Rebekah, Dave, and the Chipping Norton set: Where power in Britain lies – Press – Media – The Independent
If Cotswold life is notably social, it is also notably powerful. Within a few square miles, the Prime Minister, the most powerful woman in Britain, the most powerful PR man in Britain and the daughter of the world’s leading media magnate can all be found. Anyone who wanted to claim that democracies are a sham could do worse than start here.
Neighbours talk of a barbecue a few weeks ago where the alcohol flowed, and David Cameron and Rebekah Brooks are known to be regular visitors at each other’s houses, “forever popping round for supper”, according to one friend. They are known to have had dinner with each other at least once over Christmas (with James Murdoch), and were seen together at a drinks party in a neighbouring manor house on Boxing Day, in defiance of those who thought the PM should not get too close to representatives of a company seeking to take over BSkyB.

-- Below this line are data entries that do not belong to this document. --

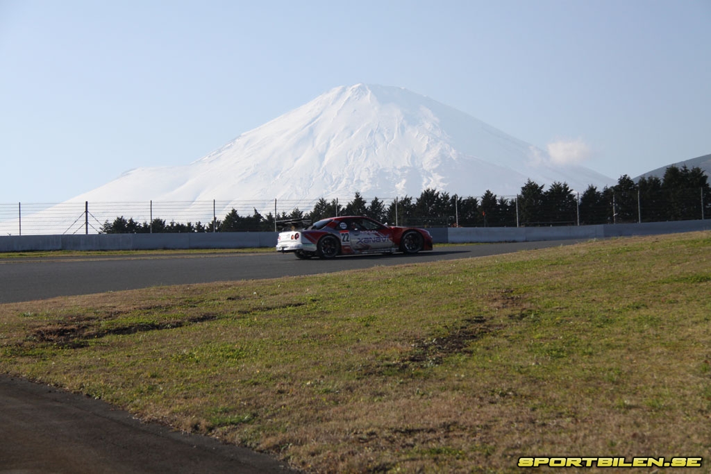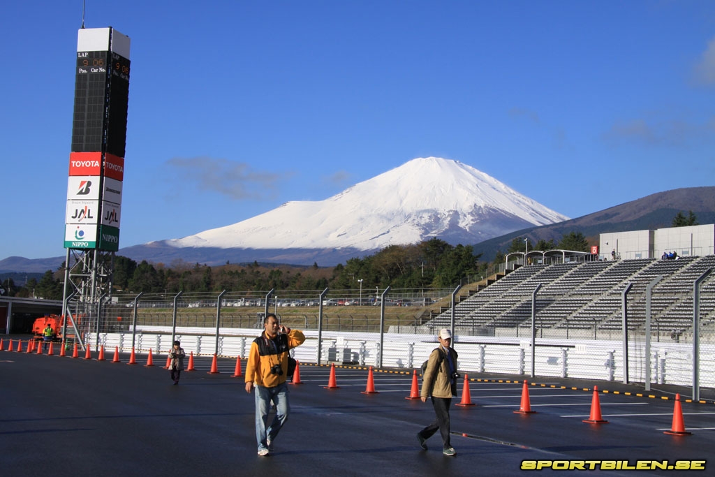 När solen så småningom söker sig över bergstopparna upptäcker man hålögda japaner som redan tillbringat många timmar på NISMOs stora utställningsyta bakom Fuji Speedways enorma läktare. De har köat i flera timmar för att handla för dagen något billigare modellbilar, Nissan- och NISMO accessoarer samt begagnade motorsportdelar och kläder från NISMOs garageförsäljning. Det är då man får den första lilla aningen om hur stort detta är för japanska Nissan-fans. Köa i flera timmar i mörker och kyla för att få köpa en begagnad fleecetröja som någon av team-mekanikerna haft under säsongen. Wow. Tanken hinner lagom landa i medvetandet då man vänder sig helt om och ser det mäktiga snöklädda Mount Fuji torna upp i sig i morgonsolen alldeles intill banan. Hänförande. Så vackert att man tappar andan. På en armlängds avstånd står gnistrande sportbilar, alla häftigare än något man tidigare sett. Nu är det dags att uppleva festivalen i dagsljus.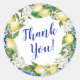 Designed to coordinate with the Jenny's Lemon Collection, this bridal thank you sticker features a yellow lemon and white floral wreath. There is a hint of the blue tiles around the edge of the round sticker. Thank You is written in a modern and trendy script font.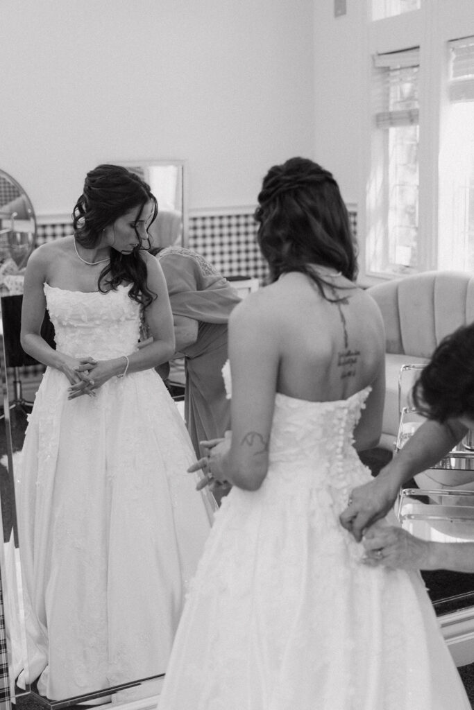 Perched in the rolling hills of Fresno County, The Clovis Castle feels like stepping into another world. The stone architecture, arched entryways, and surrounding gardens gave the perfect mix of grandeur and intimacy. As Sarah slipped into her gown, the soft light spilling through the castle windows created a painterly calm before the celebration began.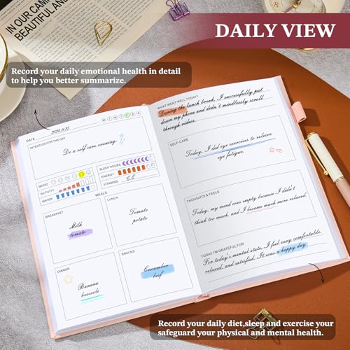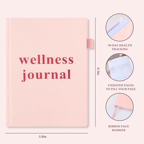 Wellness Journal Planner- Gratitude & Mindset Mental Health Journal,Track Goals, Sleep & Lifestyle,Daily Self Reflection,Self Care Journal,Daily Positive Mindfulness Diary,size A5 pink.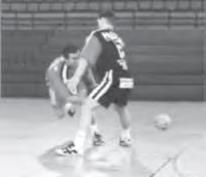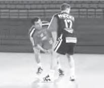 Рис. 18. Бросок в опорном положении хлестом сбоку с наклоном туловища, мяч прошел между ногами защитника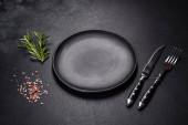Zdjęcie "Puste czarne talerze, widelec i nóż na czarnym tle. Widok z góry, przestrzeń kopiowania" może być wykorzystywane do celów osobistych i komercyjnych zgodnie z warunkami zakupionej licencji Royalty-free. Obraz jest dostępny do pobrania w jakości wysokiej rozdzielczości do 5760x3840.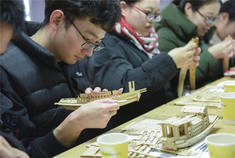最后,还开展了富有创意的手工制作红船工艺品。通过观摩安装视频,了解红船的结构造型及制作流程,将一块快零散的部件拼搭成一艘完整的红船模型。红船模型制作看似简单,实践起来并不容易,每位党员专心致志、全神贯注手工红船制作,历时一个多小时,通过各自的努力及相互协作完成制作,看到一艘艘精致的红船模型陆续呈现在眼前时,大家都很兴奋。这项活动寓教于乐,将枯燥的理论学习和活泼的娱乐形式结合起来,不仅活跃了气氛,增进了党员间的沟通交流及团队协作能力,更把红船精神融入到活动中,让党员牢记红船精神,坚定政治信念。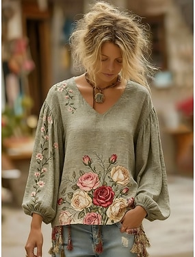 Per donna Camicia Camicia Boho Finto cotone e lino Stampato Floreale Grafico Bohemien Vintage Classico Manica Lunga Scollo a V Top Regolari Quotidiano Ferie Uscire Verde Estate Primavera Autunno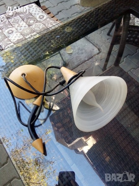 Продава декортивна лампа, Икеа, с дълъг шнур,с дървени орнаменти, → Обява 38070404

Of big houses, there is no shortage. But in the past decade, the mix of occupants has changed from nobs and bankers to include a mix of celebrities and politicos. When Cameron came to the area 10 years ago, he rented a cottage from Lord Chadlington, the brother of John Gummer, before buying a farmhouse in the hamlet of Dean when he won the seat of Witney. Matthew Freud and Elisabeth Murdoch began renting China Corner from the Duke of Marlborough’s Blenheim Palace estate, before buying Burford Priory for £6m three years ago. Rebekah Wade followed suit, renting at Blenheim before moving in with her new husband, Charlie Brooks (part of a long-established Cotswold family and a friend of Cameron’s brother, Alex), to his converted barn between Sarsden and Churchill.